PROVIDED ENTRIES:
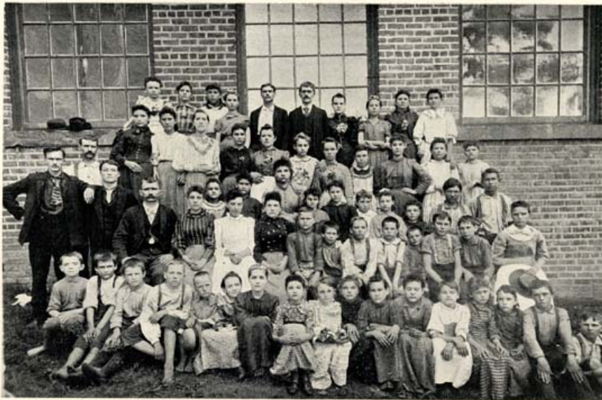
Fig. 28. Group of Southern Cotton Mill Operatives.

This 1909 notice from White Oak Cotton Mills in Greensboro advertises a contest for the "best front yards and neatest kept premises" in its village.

---

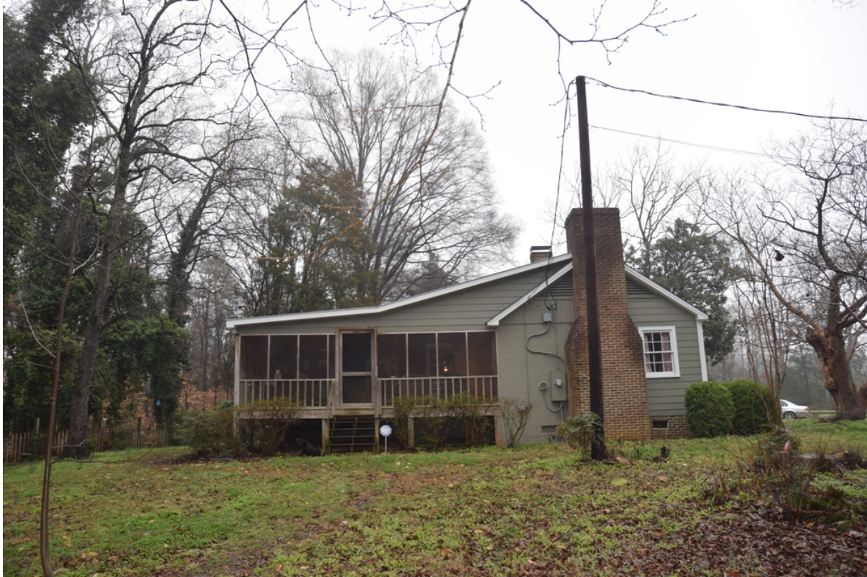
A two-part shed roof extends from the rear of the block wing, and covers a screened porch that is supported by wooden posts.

WORK REQUEST: Among the entries above, say how many lines hold the word "from". No other words belong in the answer.

FINISHED EXERCISE: 2